Auch das müssen Sie wissen: Gleichzeitig habe ich damals im November mit den Bürgermeistern darüber gesprochen, dass es zwei Phasen gibt – eine erste Phase, die drei Monate dauert, und danach eine zweite Phase, um bei Tag zu erleben und zu erfahren, wie sich die tatsächliche Verkehrsbelastung gestaltet.

Meine Damen und Herren, wenn heute von Ausnahmen gesprochen wird, so bezieht sich das darauf, dass in der Vergangenheit der Be- und Entladeverkehr nicht ausdrücklich der Einzelgenehmigungen bedurfte, sondern kraft Gesetzes erlaubt war. Ob es darüber hinaus Ausnahmebedarf gibt, wird jetzt geprüft. Das Regierungspräsidium in Kassel führt dazu eine Vielzahl von Gesprächen mit den Unternehmen, die davon betroffen sind. – Das ist der genaue Sachverhalt.

Lassen Sie mich deswegen zu diesem Punkt etwas sagen. Aufgrund der Tatsache, dass der Be- und Entladeverkehr kraft Gesetzes immer frei war, sagen die Unternehmen – und das kann ich nachvollziehen –, sie brauchen eine Ausnahmegenehmigung. Herr Frankenberger, es wird beklagt, dass das bürokratisch ist. Ja, aber es geht nicht anders. Das muss in jedem Einzelfall entschieden werden.

Deswegen will ich Ihnen jetzt zum Abschluss dieser Diskussion zwei Beispiele erzählen.Da kommt eine Molkerei und sagt:Ich muss an bestimmten Standorten irgendetwas einsammeln, um es dann an einem anderen Ort abliefern zu können.

Herr Staatsminister Posch, Sie denken bitte an die Redezeit.

Ja, ich komme zum Schluss. – Nach Lage der Dinge wird man dem stattgeben, denn das ist nachvollziehbar.

Wenn aber ein anderes Unternehmen, das Gefahrgut transportiert, ebenfalls eine Ausnahmegenehmigung haben möchte,dann muss ich das genau prüfen;denn bei den Gefahrguttransporten ist vorgesehen, dass sie prinzipiell die Autobahn benutzen, und es wird als zumutbar angesehen, wenn dadurch der Weg doppelt so lang wird. Möglicherweise ist in diesem Fall die Voraussetzung für eine Ausnahmegenehmigung nicht gegeben. Das werden wir haarfein diskutieren und dann im Interesse beider entscheiden – nämlich im Interesse der Anwohner und im Interesse der Unternehmen, die dort tätig sind. – Herzlichen Dank.

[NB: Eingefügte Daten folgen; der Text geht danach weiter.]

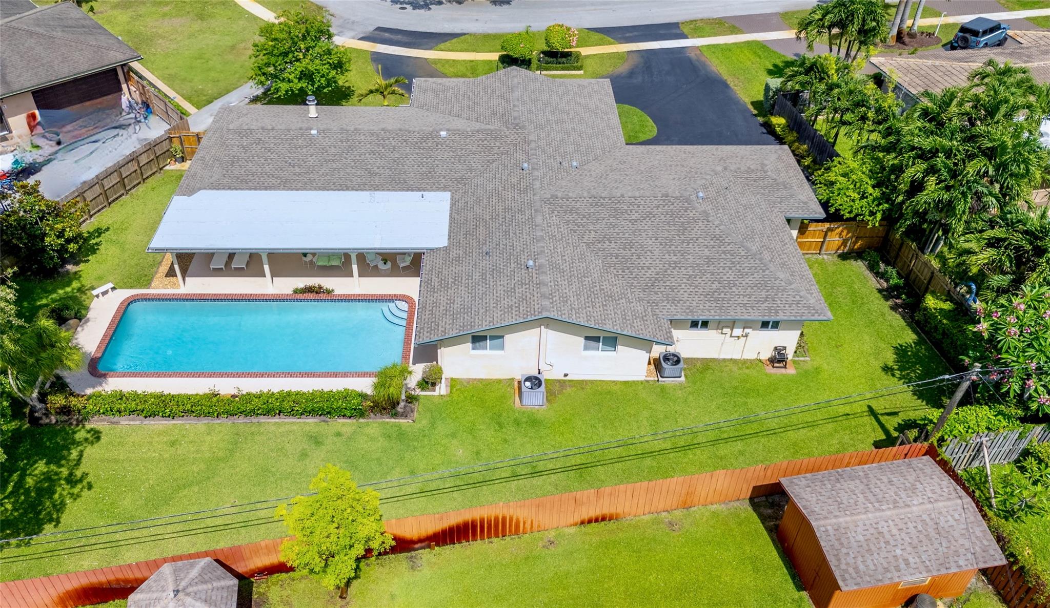 This is it! Home professionally expanded in 2012 w/ an 830sf addition complete w/ its own entrance (or blend with existing square footage) has its own family room,kitchen & primary room ideal for multigenerational living;this addition can adapt to your personal needs including quarters for in-laws, aupair, guest house,dual primary, etc. Huge 16,068sf lot w/ in ground pool & covered patio;new 2023 roof & flat roof w/ transferable warranty;2023 gutters;2022 new complete PVC sewer re-piping;impact windows;2016 fence;no popcorn ceilings;2019 vinyl plank flooring;2023 pool refinish &pump;2023 water heater;2023 resurfaced huge circular driveway;2024 new AC units; 2024 termite tent w/ warranty;bedroom #4 is currently used as a gym;garage is oversized at 598sf;Incredible landscape;no HOA;central

(Beifall bei der CDU und der FDP)

Vielen Dank, Herr Minister Posch. – Damit ist Tagesordnungspunkt 53 behandelt.

Ich rufe jetzt Tagesordnungspunkt 54 auf:

Antrag der Fraktion DIE LINKE betreffend eine Aktuelle Stunde (Einladung von Herrn Sarrazin ins Hessi- sche Ministerium der Justiz, für Integration und Europa ist ein fatales Signal für die Integration in Hessen) – Drucks. 18/1979 –

Bevor wir in die Aussprache zu dieser Aktuellen Stunde eintreten, haben wir noch die Mündliche Frage 202 aufzurufen; so war es vereinbart. Frau Kollegin Wissler.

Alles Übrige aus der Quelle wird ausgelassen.